** Exercise instructions **
Reproduce the data exactly and drop any pictures it holds.

** Given material **
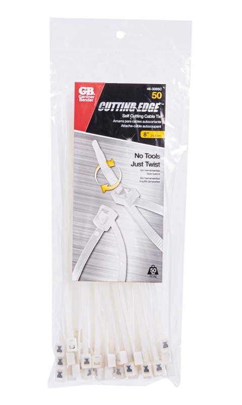Save time and frustration using the latest innovation from Gardner Bender; the self-cutting cable tie. Easy to use; simply lock-and-twist to finish the job, with no need for an additional cutting tool! Unlike other "twist" ties our patented design doesn't require a reduction in the strength and durability of the cable tie material or multiple rotations to achieve a break in the tie. Instead, a small cutting blade designed into the head of each tie ensures a tight lock and quick, clean cut, improving the appearance of the end result and virtually eliminating residual jagged edges which can bite into bare skin.
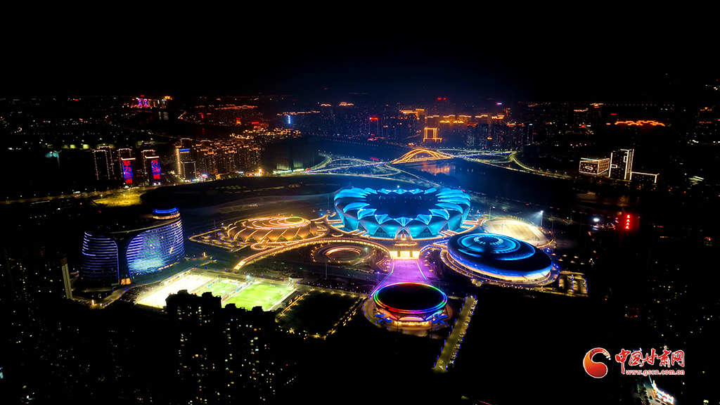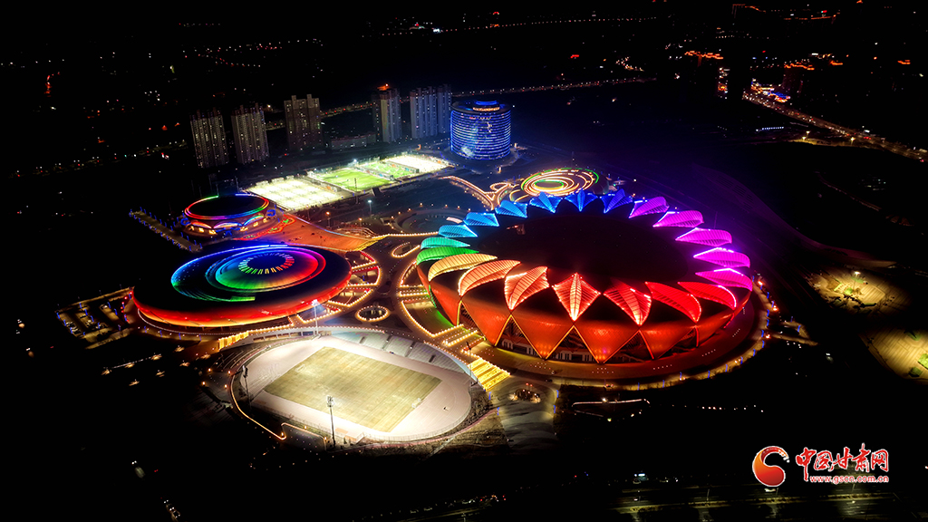 奧體中心的夜景美輪美奐,室外運(yùn)動(dòng)場(chǎng)上健身的人絡(luò)繹不絕。玫瑰體育館內(nèi)兩側(cè)座椅整齊排放,場(chǎng)館中間的綠色地毯引人注目;郁金香綜合館除了能夠感受籃球的激情,還能體驗(yàn)冰雪運(yùn)動(dòng)的魅力;百合游泳館內(nèi)的跳臺(tái)和泳池靜靜地等待著游泳健將的光臨。奧體中心多維度展示以‘舞動(dòng)于絲綢之路上的花朵’為設(shè)計(jì)理念,‘五朵金花’的設(shè)計(jì)不僅象征‘奧運(yùn)之花’競(jìng)技開放,也體現(xiàn)了奧運(yùn)五環(huán)環(huán)環(huán)相扣的理念。
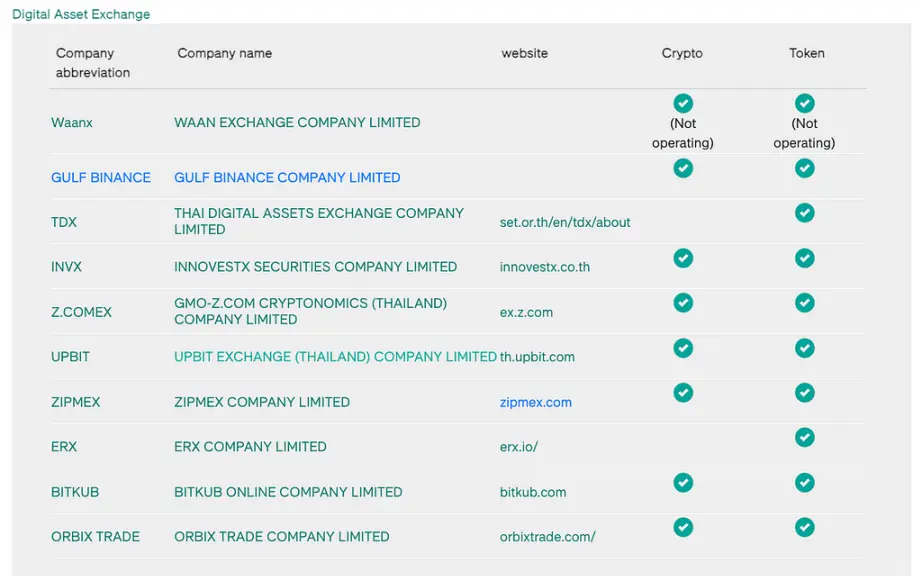 根据泰国证券交易委员会的规定,有一份注册并获得许可的 CEX名单,以下这些交易所被允许在泰国开展业务:

** Solution to this exercise **
Save time and frustration using the latest innovation from Gardner Bender; the self-cutting cable tie. Easy to use; simply lock-and-twist to finish the job, with no need for an additional cutting tool! Unlike other "twist" ties our patented design doesn't require a reduction in the strength and durability of the cable tie material or multiple rotations to achieve a break in the tie. Instead, a small cutting blade designed into the head of each tie ensures a tight lock and quick, clean cut, improving the appearance of the end result and virtually eliminating residual jagged edges which can bite into bare skin.
 奧體中心的夜景美輪美奐,室外運(yùn)動(dòng)場(chǎng)上健身的人絡(luò)繹不絕。玫瑰體育館內(nèi)兩側(cè)座椅整齊排放,場(chǎng)館中間的綠色地毯引人注目;郁金香綜合館除了能夠感受籃球的激情,還能體驗(yàn)冰雪運(yùn)動(dòng)的魅力;百合游泳館內(nèi)的跳臺(tái)和泳池靜靜地等待著游泳健將的光臨。奧體中心多維度展示以‘舞動(dòng)于絲綢之路上的花朵’為設(shè)計(jì)理念,‘五朵金花’的設(shè)計(jì)不僅象征‘奧運(yùn)之花’競(jìng)技開放,也體現(xiàn)了奧運(yùn)五環(huán)環(huán)環(huán)相扣的理念。
 根据泰国证券交易委员会的规定,有一份注册并获得许可的 CEX名单,以下这些交易所被允许在泰国开展业务:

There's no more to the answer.